Work task
The answer must be an exact transcription of the lines below from the first through the one containing "Βίντεο που μεταδίδουν", with the pictures left out; please add nothing else.

Given data
-- Opening Marker --
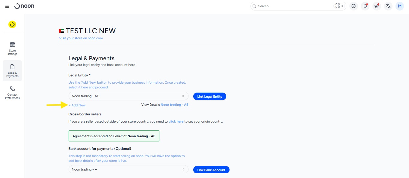 - Send an email to seller@noon.com to delink the old legal entity from your store. You will be notified by email once this is done
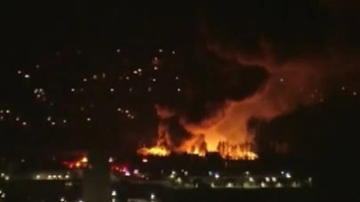 Βίντεο που μεταδίδουν αμερικανικά μέσα ενημέρωσης δείχνουν τις φλεγόμενες εγκαταστάσεις και πυκνούς καπνούς να υψώνονται στον ουρανό της περιοχής.
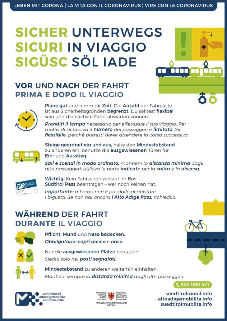 Vorerst werden die Stadtbusse und mit einigen wenigen Ausnahmen auch die Überlandbusse in ganz Südtirol sowie die Rittner Seilbahn wieder laut Werktagsfahrplan fahren. Auch die Potenzierung der Bahndienste in Südtirol ist in Vorbereitung. Die italienische Eisenbahngesellschaft Trenitalia hat mitgeteilt, dass sie ab dem 4. Mai wieder 60 Prozent der Kapazität des normalen Diensts anbieten wird und ab den 18. Mai dann wieder fast den gesamten Normalbetrieb wie vor dem Notstand garantiert.
-- Closing Marker --
Answer to this exercise
 - Send an email to seller@noon.com to delink the old legal entity from your store. You will be notified by email once this is done
 Βίντεο που μεταδίδουν αμερικανικά μέσα ενημέρωσης δείχνουν τις φλεγόμενες εγκαταστάσεις και πυκνούς καπνούς να υψώνονται στον ουρανό της περιοχής.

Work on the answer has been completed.